И тогда нашлись такие, кто решился пожертвовать собой ради остального человечества. Они выбрали то, чего больше всего боялись, — физическую боль. И стали днём и ночью ходить по этим мостам, улицам и площадям, хлеща себя бичами, стегая цепями.

Они страдали во имя Божье и в страдании славили Бога. И вскоре поняли, что терзать свою плоть им приятнее, чем выпекать хлеб, пахать землю, кормить скотину.

Боль доставляла уже не страдание, а наслаждение — поскольку они сознавали, что избавляют род людской от грехов. Боль превратилась в ликование, в ощущение полноты жизни, в блаженство.

В глазах Теренса вновь возник угасший было на несколько минут холодный блеск. Он взял деньги, положенные Марией на стол, отсчитал от них 150 франков, спрятал их в карман, а остальное протянул ей.

— Насчет хозяина не беспокойся. Это его комиссионные. Обещаю, что ничего ему не скажу. Можешь идти.

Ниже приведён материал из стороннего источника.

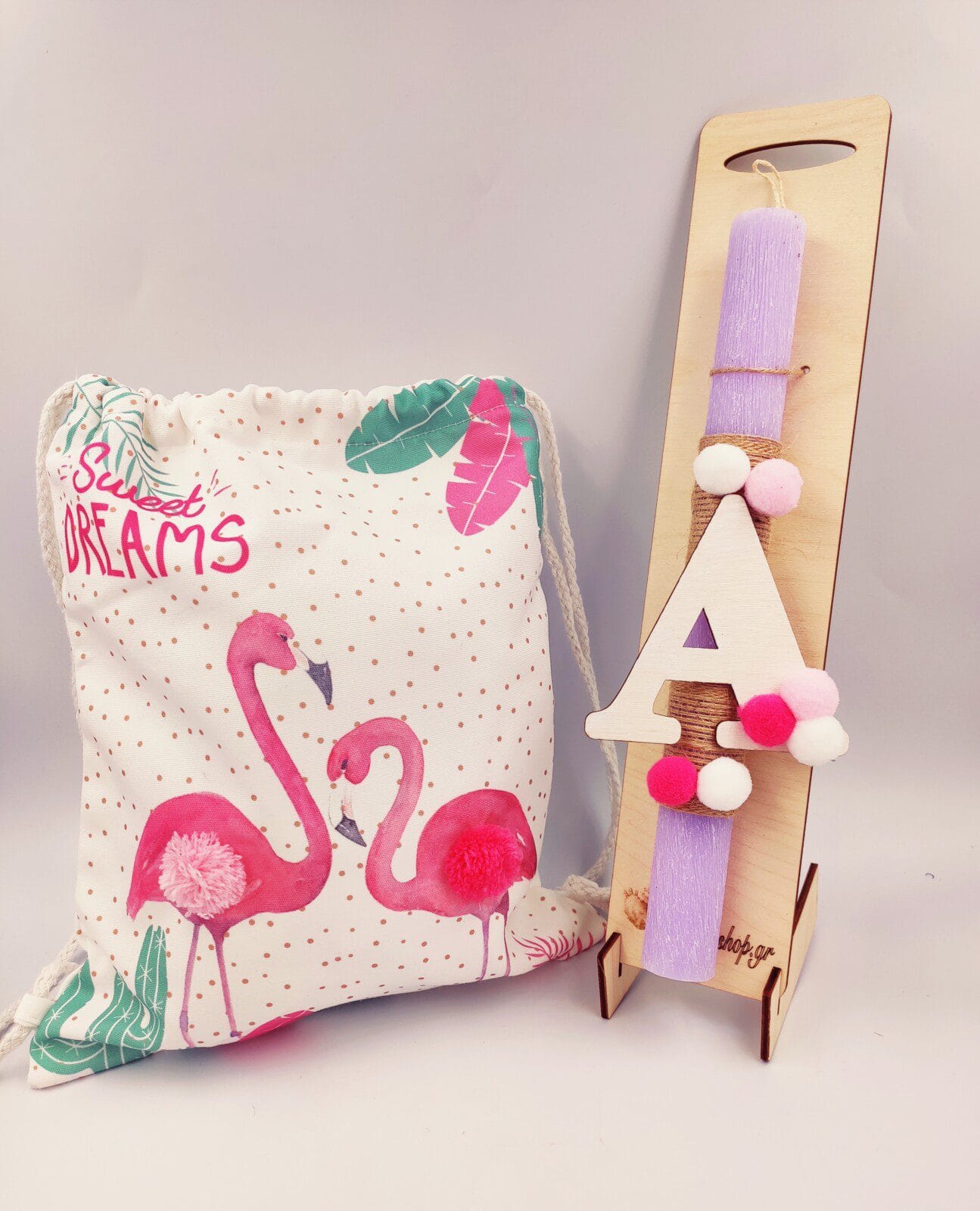 Λαμπάδα με φλαμίνγκο και σακίδιο πλάτης

Мария машинально взяла деньги.

— Нет!

Что это было — вино, араб в ресторане, женщина с печальной улыбкой, мысль о том, что она никогда больше не вернётся в это проклятое место, страх любви, надвигавшейся на неё в обличье мужчины, письма к матери, где описывалась прекрасная жизнь и тысячи возможностей получить прекрасную работу, мальчик, спросивший, нет ли у неё лишней ручки, борьба с самой собой, чувство вины, любопытство, желание узнать, где находится последний предел, за который уже нельзя переступить, упущенные шансы, неосуществленные возможности?

Другая Мария сидела здесь, она не преподносила подарки, а приносила себя в жертву.

— Я больше не боюсь. Приступай. Если нужно, накажи меня за то, что я пыталась ослушаться. Я вела себя неправильно с тем, кто защищал меня и любил, я солгала ему, я предала его.

 

Она вступила в игру. Она говорила то, что надо говорить в таких случаях.

— На колени! — тихо и грозно произнёс Теренс.

Мария повиновалась. С ней никогда ещё так не обращались, и она не знала, хорошо это или плохо, а, всего лишь, хотела пойти дальше: за всё, что было сделано в жизни, она заслуживала того, чтобы её унизили. Она стремительно вырывалась в новую роль, становясь другой — совершенно неведомой женщиной.

— Ты будешь наказана. Ты — никчемное существо, не знающее правил, понятия не имеющее о сексе, о жизни, о любви.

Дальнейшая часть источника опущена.